Sanofi’s Dupixent (ingredient: dupilumab) has officially expanded its treatment scope in Korea to include chronic obstructive pulmonary disease (COPD), becoming the country’s first approved biologic therapy for the condition.

With the latest regulatory approval granted on March 13, Dupixent is now indicated as an add-on maintenance treatment for adult COPD patients with elevated blood eosinophils who are inadequately controlled with standard inhaled therapies.

The company held a press conference on Wednesday to introduce the newly approved indication and share updated clinical insights with the medical community and media. The event featured respiratory disease expert Professor Rhee Chin-kook of the Department of Pulmonology at Seoul St. Mary’s Hospital, who emphasized the unmet medical need in COPD and highlighted the potential of Dupixent to reshape treatment strategies.

"Despite the increasing prevalence of COPD and its socioeconomic burden—estimated at 1.4 trillion won ($943.5 million) annually—the disease remains largely underdiagnosed and undertreated in Korea," Professor Rhee said. “We estimate that there are about 3 million potential COPD patients, yet only around 100,000 are currently being treated.”

Adding to the challenge is the fact that COPD symptoms typically do not appear until more than 50 percent of lung function is lost, and once symptoms emerge, disease progression accelerates, and lost lung capacity cannot be recovered—making early diagnosis and intervention critical.

Lee explained that many COPD patients continue to suffer from repeated acute exacerbations even after triple inhaler therapy, particularly those with elevated eosinophil counts driven by type 2 inflammation.

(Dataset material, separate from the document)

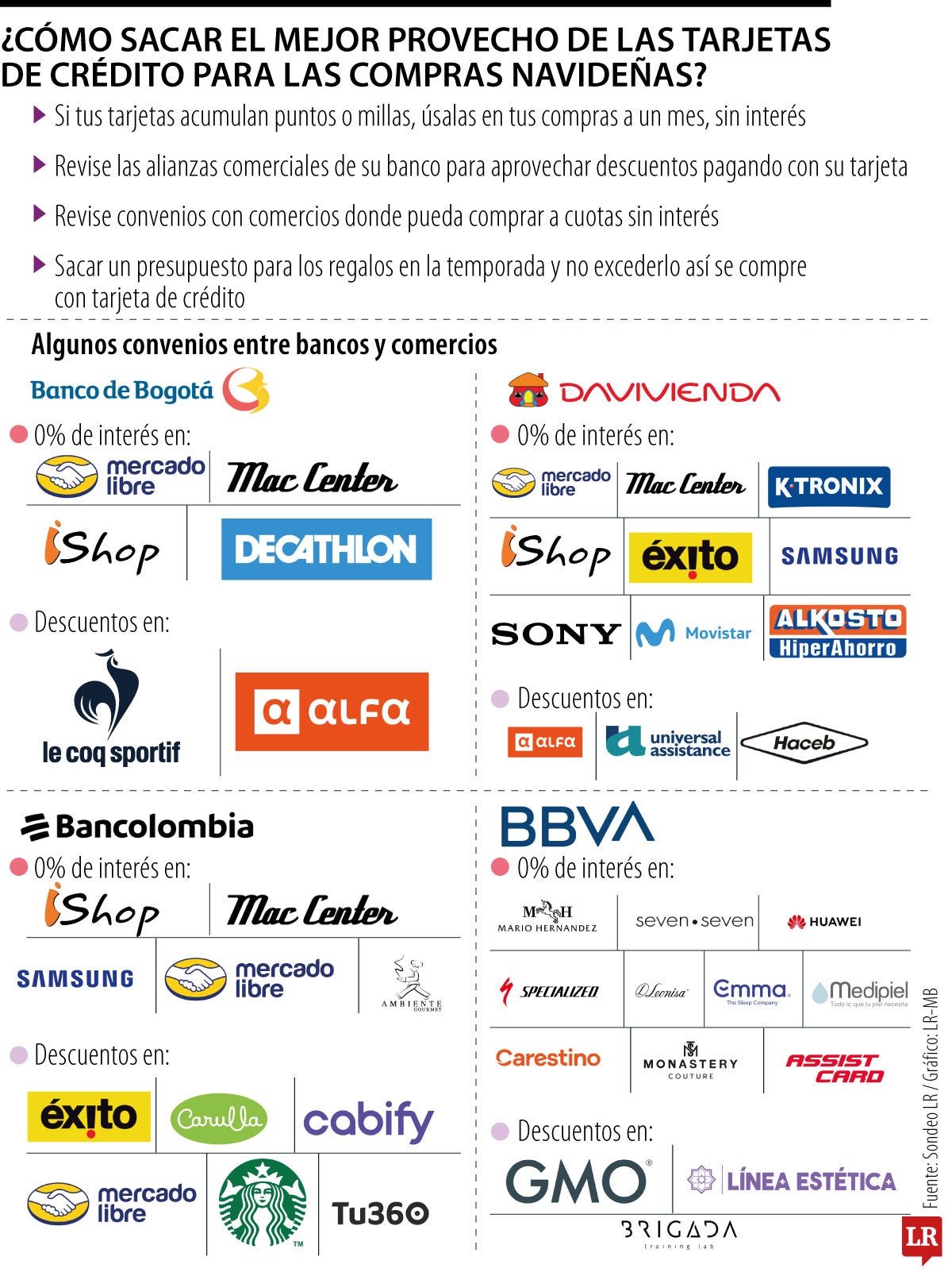 Según un sondeo, entidades como el Banco de Bogotá, Bancolombia y Davivienda, tienen compras a 0% de interés en comercios como Mac Center, iShop, Mercado Libre y entre otros. Y en Bbva, los usuarios pueden acceder a compras con 0% en Mario Hernández, Seven Seven, Assist Card, Monastery Couture, Medipiel, Carestino y otros.

“This population faces higher risks of hospitalization, readmission, and cardiovascular complications, underscoring the need for targeted treatments,” he said. “Korea’s clinical guidelines recommended Dupixent for use even before it received regulatory approval—a move that reflects strong demand from the medical field and patients.”

Lee called this early recommendation highly unusual and said it highlights both the level of unmet need and the anticipation for new treatment approaches in COPD.

“Dupixent is a timely addition to the therapeutic arsenal, particularly for those with severe and uncontrolled COPD,” he said. “The drug's ability to inhibit IL-4 and IL-13 signaling addresses the root inflammatory mechanism in this subgroup.”

The professor also emphasized that Dupixent showed clinical benefits regardless of patient age or baseline lung function, making it a valuable option for diverse cases.

Despite the promising development, Lee stressed that policy support remains essential.

“Adding pulmonary function testing to national health screenings and enhancing chronic disease management policies would be critical to improving early diagnosis and access to treatment for COPD patients,” he said.

Sanofi General Manager Pharma Multi-Country Office South Korea and Australia/New Zealand & MCO Lead Bae Kyung-eun also said, “Many patients still struggle with uncontrolled symptoms despite triple inhaler therapy.”

Dupixent, through its immune-based approach, offers not only symptomatic relief but also a new path forward in COPD treatment, Bae added.